AGCO Corp.'s (AGCO) fourth-quarter earnings fell by two-thirds amid slumping demand for farm equipment in North America and Europe.
While fourth-quarter results topped analysts expectations, the company expects sales of tractors and combines to remain sluggish through the first half of 2010, with the exception of South America, where sales increased 31% in the fourth quarter, largely as a result of favorable currency exchange rates.
AGCO is imposing temporary factory shutdowns to reduce equipment inventories. The company said the shutdowns will likely drag down its first-quarter results.
The Georgia-based company forecast 2010 earnings of $1.55 to $1.65 a share on sales of $6.6 billion to $6.8 billion. Analysts surveyed by Thomson Reuters expected earning of $1.63 a share on $6.35 billion of sales.

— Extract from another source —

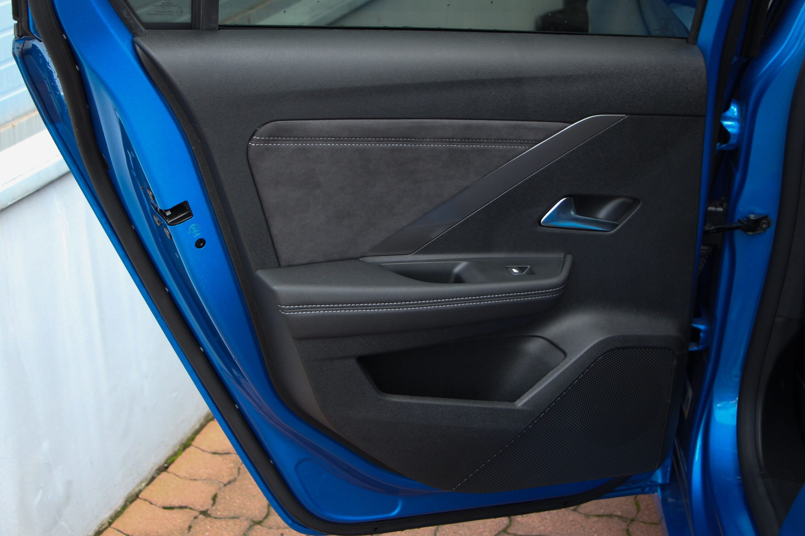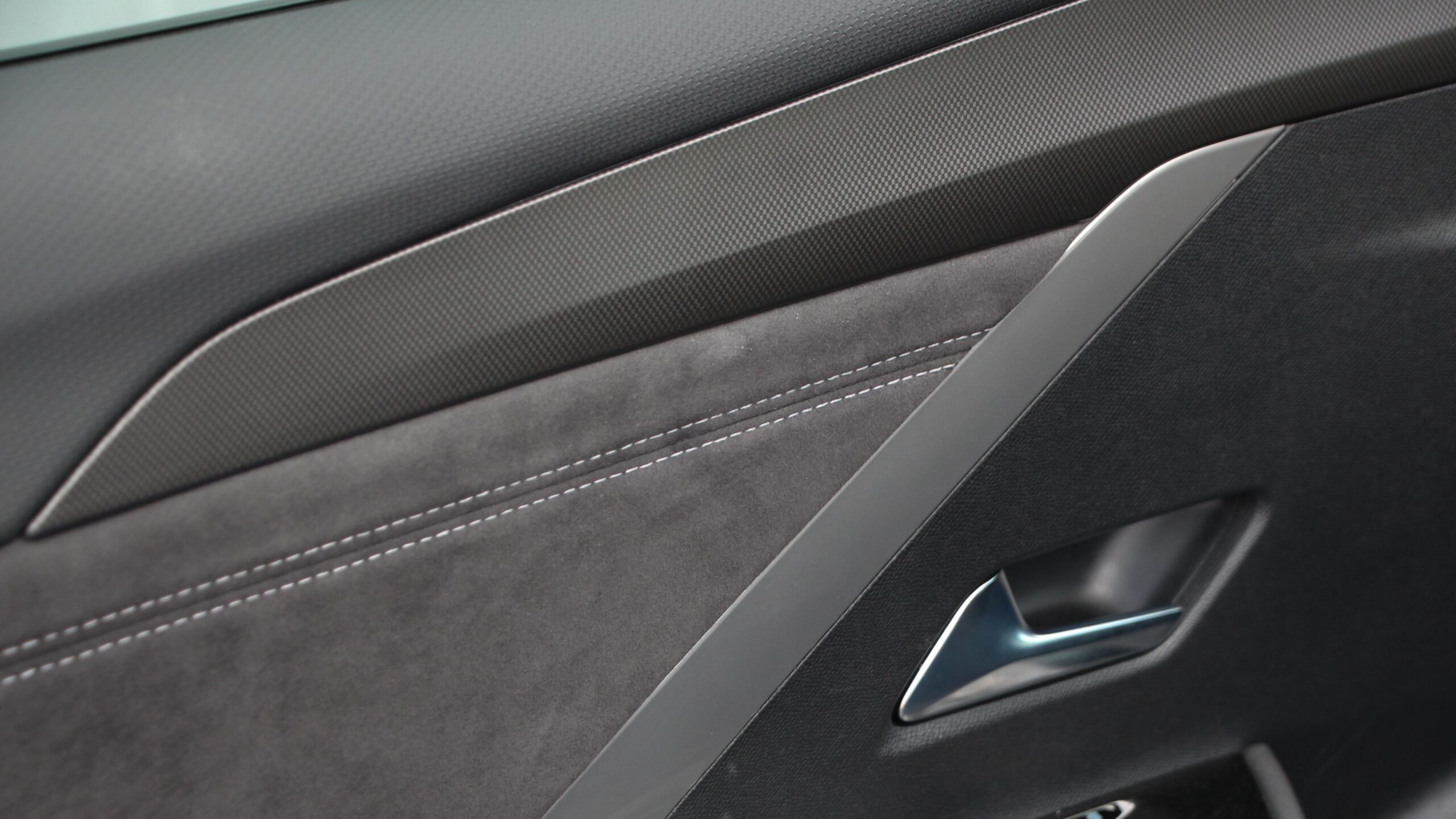 Azt pedig, hogy konnektoros hibriddel van dolgunk, nem sok részlet árulja el. Itthon természetesen a zöld, Németországban az E-betűre végződő rendszám, de a plusz egy tanksapka nem feltűnő. Az utastérben sincs különösebb nyoma, hiszen nincs külön gombja mondjuk a tisztán villanyhajtásnak, azt is az üzemmódválasztóval aktiválhatjuk. A műszerfal is ugyanolyan baltával faragott stílusú, mint a külső formaterv, de így megvan az összhang. Sok a zongoralakk, ami ismét csak megosztó vonás, mindenesetre elegáns megoldás. A kormány nem sportosabb a GS Line-ban a többi modellhez képest, de ez nem baj, kiváló a fogása, mögötte ott a 10 colos digitális műszeregység, ami egy panelt alkot a központi érintőkijelzővel. Az ergonómia jeles, nagyon egyszerűen kezelhető minden, és fizikai gombokat kapott a klíma, ami manapság már szinte "örvendetes konzervatívságnak" nevezhető. Ami viszont szöget ütött a fejembe, az az ajtóburkolatok kialakítása. Itt is nagyrészt igényes, puha anyagokkal találkozunk, kivéve ott, ahol a legtöbbször érünk hozzá, nevezetesen a kilincs körül. Mert ott az egész autó legolcsóbb hatású, durván kopogós műanyagját alkalmazták, ami számomra érthetetlen. Persze ez csak szőrszálhasogatás, mert nem nagyon fog izgatni, amikor az AGR tanúsítványos, (mű)bőr-Alcantara ülésekbe süppedünk.
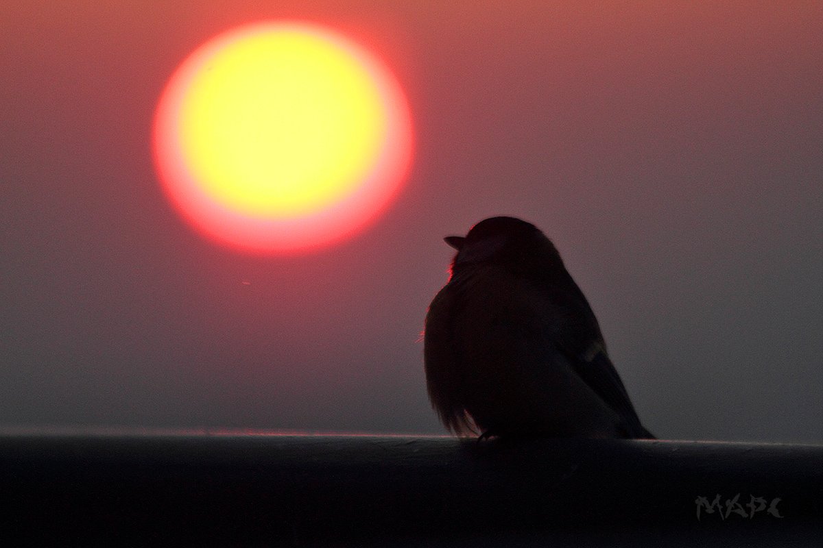 животные птицы большая синица зима вечер солнце закат, Шангареев Марс

The company said fourth-quarter results were affected by volatile commodity prices, a late North American fall harvest caused by weather conditions and farmers' continued reluctance to purchase expensive new equipment amid the lingering effects of the economic recession.
Revenue in the quarter dropped 14% to $1.85 billion. Sales in North America plunged 40%, while sales in Europe were off 19%.
AGCO reported a fourth-quarter profit of $33.5 million, or 35 cents a share, down from $98.5 million, or $1.05, a year earlier. The latest quarter included 7 cents of charges. Analysts had forecast earnings of 31 cents, without charges, on $1.7 billion in revenue.
For 2009, AGCO earned $135.7 million, or $1.44 a share, down from $385.9 million, or $3.95 a share, in 2008. Net sales fell 21.3% to $6.63 billion.
AGCO's shares were recently trading up 3.4% at $31.50 a share.